■ MATERIAL PROVIDED:
========

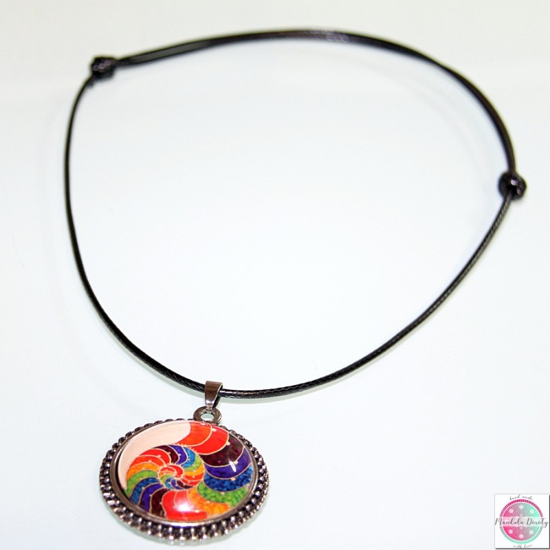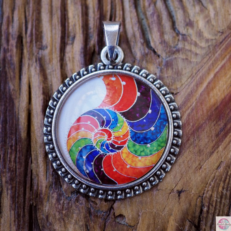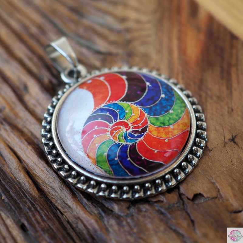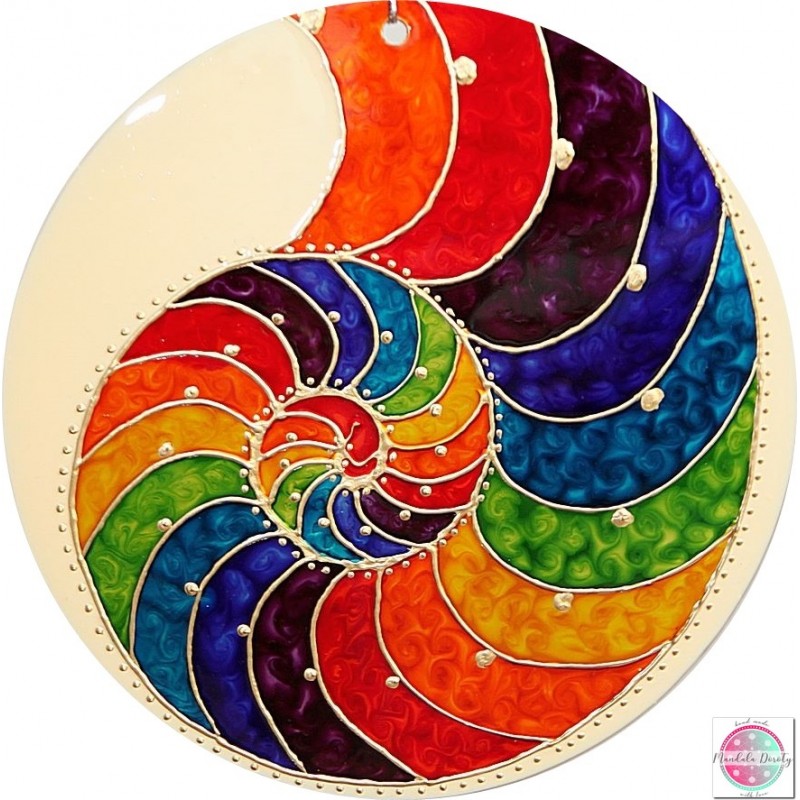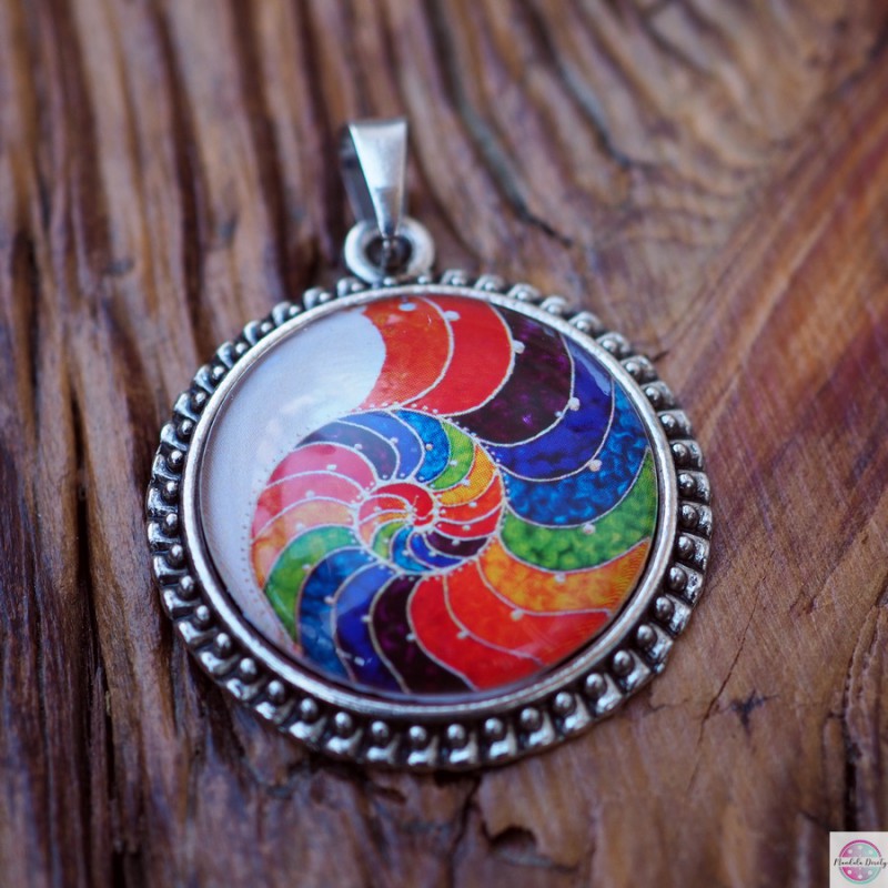 Medalion z mandalą "Spirala Złotego Podziału". Spirala złotego podziału - złoty podział to inaczej podział harmoniczny, złota proporcja, boska proporcja. Obecna jest wokół nas w przyrodzie, w ciele człowieka, w sztuce. Oddziałuje na naszą podświadomość i wprowadza harmonię i porządek. Kolory mandali to kolory tęczy, naszych czakr, dodatkowo oddziałują na nasze pole życiowe i DNA.
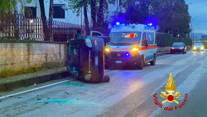 Per cause in corso di accertamento, un'auto dopo aver sbandato improvvisamente, si è ribaltata finendo la sua corsa tra il marciapiedi e un muretto. E' successo alle 6.00 stamane in via Molinelle, a Monteforte Irpino. Sul posto sono giunti i vigili del fuoco dalla centrale operativa di Avellino.
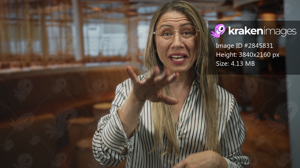 Woman with long blonde hair wearing round glasses and striped shirt with hand to lips gesture in building; shyness.

========

■ PROBLEM TO WORK ON:
The answer should contain only the lines from the one with "Per cause in" through the last line of the material, given word for word and without pictures.

■ EXERCISE RESULT:
 Per cause in corso di accertamento, un'auto dopo aver sbandato improvvisamente, si è ribaltata finendo la sua corsa tra il marciapiedi e un muretto. E' successo alle 6.00 stamane in via Molinelle, a Monteforte Irpino. Sul posto sono giunti i vigili del fuoco dalla centrale operativa di Avellino.
 Woman with long blonde hair wearing round glasses and striped shirt with hand to lips gesture in building; shyness.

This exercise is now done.